Another little victory against the forces of darkness occurred last week. Late at night as Gringo Jack and I were returning form an art exhibition in Veracruz (because I live for art you know. Art! Oh, Art!) we picked up three guys – this is highly risky here and well beyond any call of duty – hitching a ride from Anton Lizardo. It transpired that we were not taking their road but we went out of our way to drop them in their village, El Zapote. Next morning Jack discovered they had stolen a box of beer from the back of his car. But in their inebriation they had left a cellphone too. Two days later I noticed a familiar face in Old Raimundo’s truck bringing folks from El Zapote to Playa Zapote to help haul the lanchas down and up the beach. Lord kn ows we need all the help we can get. I asked him if it was he we had given a ride to the other night. Yes he said, do you have my phone? In front of fifteen people I demanded to know why he had stolen from us, and after we had helped him too. Shame, shame, I said. And you think I am going to help you get your cellphone back? If you want it you can go to Jack’s house with the beer and an apology. (he never did) I came close to giving him a slap but instead left him hanging his head in front of his fellows.

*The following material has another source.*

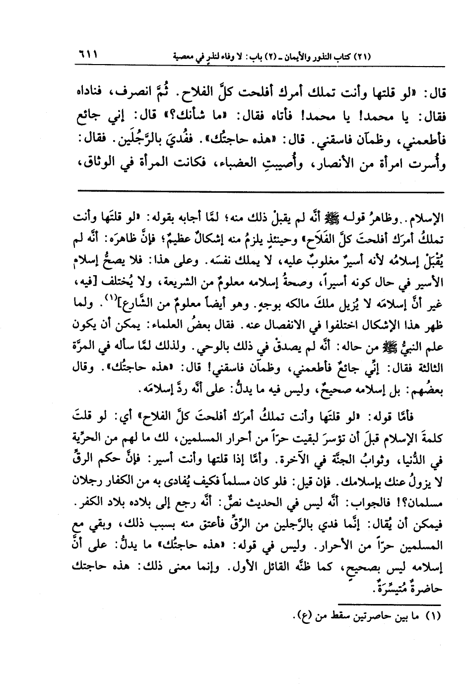 وظاهر قوله صلى الله عليه وسلم أنه لم يقبل ذلك منه؛ لما أجابه بقوله: (لو قلتها وأنت تملك أمرك أفلحت كل الفلاح)، وحينئذ يلزم منه إشكال عظيم؛ فإن ظاهره: أنه لم يقبل إسلامه لأنه أسيرٌ مغلوبٌ عليه، لا يملك نفسه. وعلى هذا: فلا يصح إسلام الأسير في حال كونه أسيرًا، وصحة إسلامه معلوم من الشريعة، ولا يختلف فيه، غير أن إسلامه لا يزيل ملك مالكه بوجه. وهو أيضًا معلوم من الشارع (¬1).

I am getting a little tired of hauling boats up and down the beach but I’ll keep it up not least because it is very good for relations. It is not uncommon for me to meet someone I think I don’t know only to have him say “You’re the one who stopped on his motorcycle a couple of years ago and helped us push our boat up the beach” and not only does that feel good I but I know that I have another friend here and he will look out for my interests. And for my pains Raimundo the owner of the nearest lancha recently brought me a paper cup filled with a delicious mixture of shredded coconut. orange and sugar, and yesterday some fried sierra I think this is Spanish mackarel or something like it, perhaps the most highly prized fish caught here, delicious) and some tortillas but Changa stole and ate the lot. I place a very high value on such gifts. Meanwhile the fishermen are having poor luck, netting only tiny catches which don’t even pay for the gasoline. They say that the fish have been declining for many years but dramatically so in the last three or four. Raimundo’s remaining engine (the other was stolen) has packed up and needs $550 in repairs. He could get a replacement used engine for this in the States, but here things like outboard engines cost far more than they do up north, perhaps quadruple. Raimundo himself is such an extraordinary fellow. 63 years old, usually barefoot, wiry and strong as a horse, he owns a tidy old truck, (The insides of Mexican cars are the cleanest in the world, you may guess why) two lanchas and the healthiest-looking watermelon field around, the only one with corn planted between the rows to break the wind. He works his ass off. There is much about him that radiates integrity and wholesomeness and engenders liking and respect, so when his boat needs pushing I push like hell and if that needs doing at 5am then so be it. I absolutely love it that these folks feel comfortable enough with me that they can knock on my door at 5 in the morning when they have a boat stuck in the surf and need every hand they can get. I feel equally comfortable with them, as I never have amongst any people including my own. May I am just older, but I think it is something in them, not me.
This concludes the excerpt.